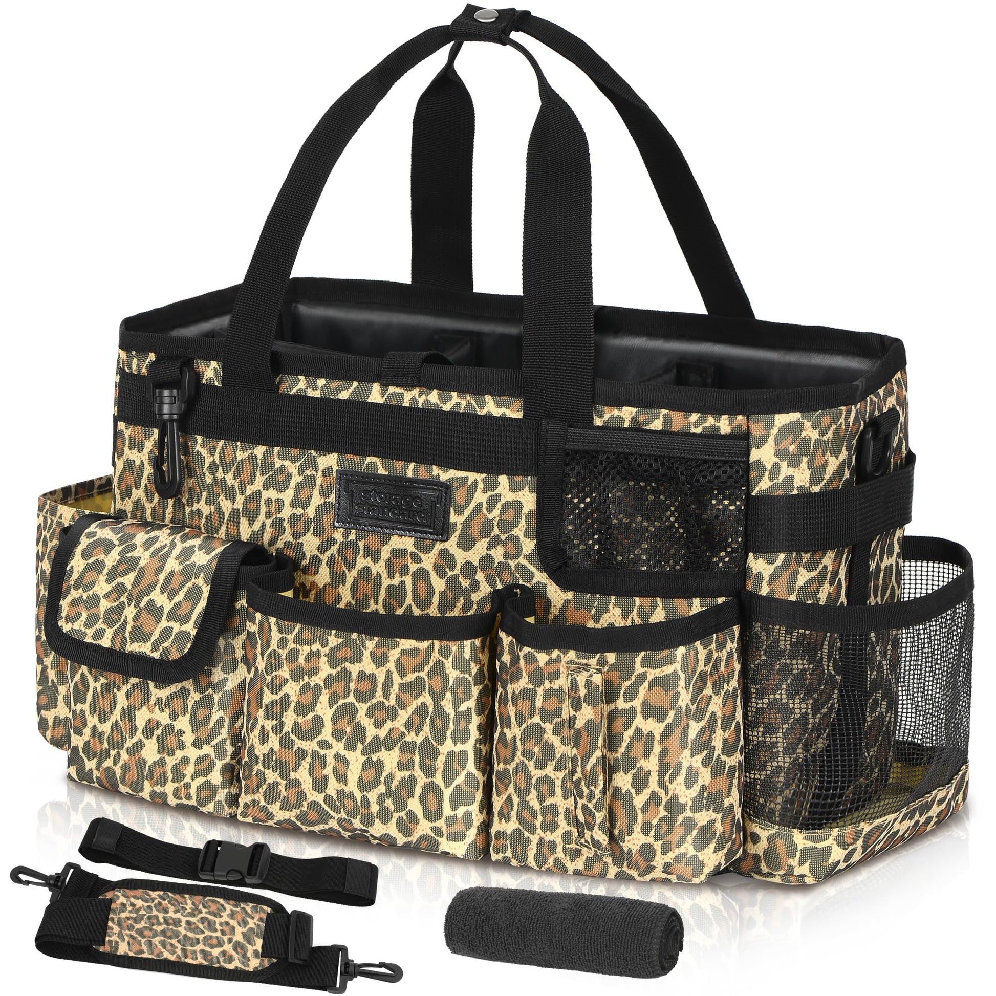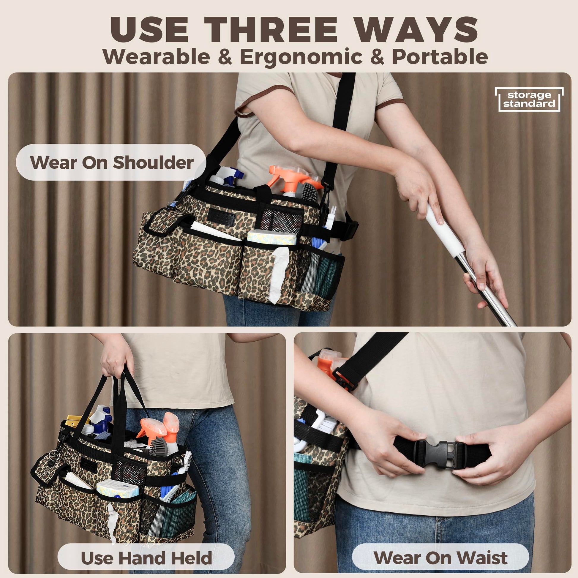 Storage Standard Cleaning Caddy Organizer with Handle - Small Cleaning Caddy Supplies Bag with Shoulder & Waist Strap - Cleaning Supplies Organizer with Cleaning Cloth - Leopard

==

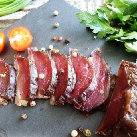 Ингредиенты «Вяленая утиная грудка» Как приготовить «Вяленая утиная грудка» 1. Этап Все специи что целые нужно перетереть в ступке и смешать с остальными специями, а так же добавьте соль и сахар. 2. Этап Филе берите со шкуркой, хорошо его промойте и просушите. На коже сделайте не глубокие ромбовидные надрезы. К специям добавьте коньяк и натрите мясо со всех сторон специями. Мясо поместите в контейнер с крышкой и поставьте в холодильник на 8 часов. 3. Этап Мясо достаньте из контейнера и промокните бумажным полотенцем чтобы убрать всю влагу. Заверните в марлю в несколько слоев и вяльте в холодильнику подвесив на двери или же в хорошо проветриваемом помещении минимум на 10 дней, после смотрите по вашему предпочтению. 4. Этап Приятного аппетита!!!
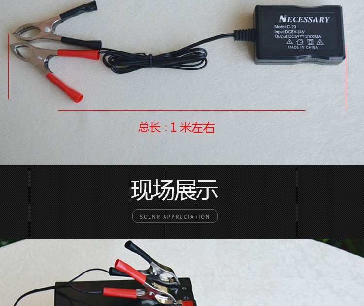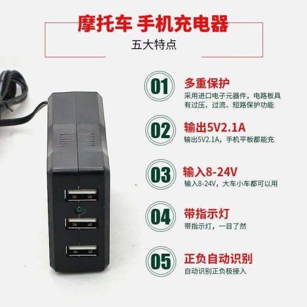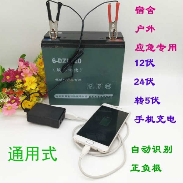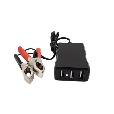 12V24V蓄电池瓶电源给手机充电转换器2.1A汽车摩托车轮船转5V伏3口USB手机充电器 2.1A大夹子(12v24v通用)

* **INSTRUCTIONS FOR THE TASK**:
Please output, exactly as written, the lines above from the one holding "Этап Приятного аппетита!!!" through the one holding "12V24V蓄电池瓶电源给手", both included, with the pictures omitted.

* **YOUR SOLUTION**:
 Ингредиенты «Вяленая утиная грудка» Как приготовить «Вяленая утиная грудка» 1. Этап Все специи что целые нужно перетереть в ступке и смешать с остальными специями, а так же добавьте соль и сахар. 2. Этап Филе берите со шкуркой, хорошо его промойте и просушите. На коже сделайте не глубокие ромбовидные надрезы. К специям добавьте коньяк и натрите мясо со всех сторон специями. Мясо поместите в контейнер с крышкой и поставьте в холодильник на 8 часов. 3. Этап Мясо достаньте из контейнера и промокните бумажным полотенцем чтобы убрать всю влагу. Заверните в марлю в несколько слоев и вяльте в холодильнику подвесив на двери или же в хорошо проветриваемом помещении минимум на 10 дней, после смотрите по вашему предпочтению. 4. Этап Приятного аппетита!!!
 12V24V蓄电池瓶电源给手机充电转换器2.1A汽车摩托车轮船转5V伏3口USB手机充电器 2.1A大夹子(12v24v通用)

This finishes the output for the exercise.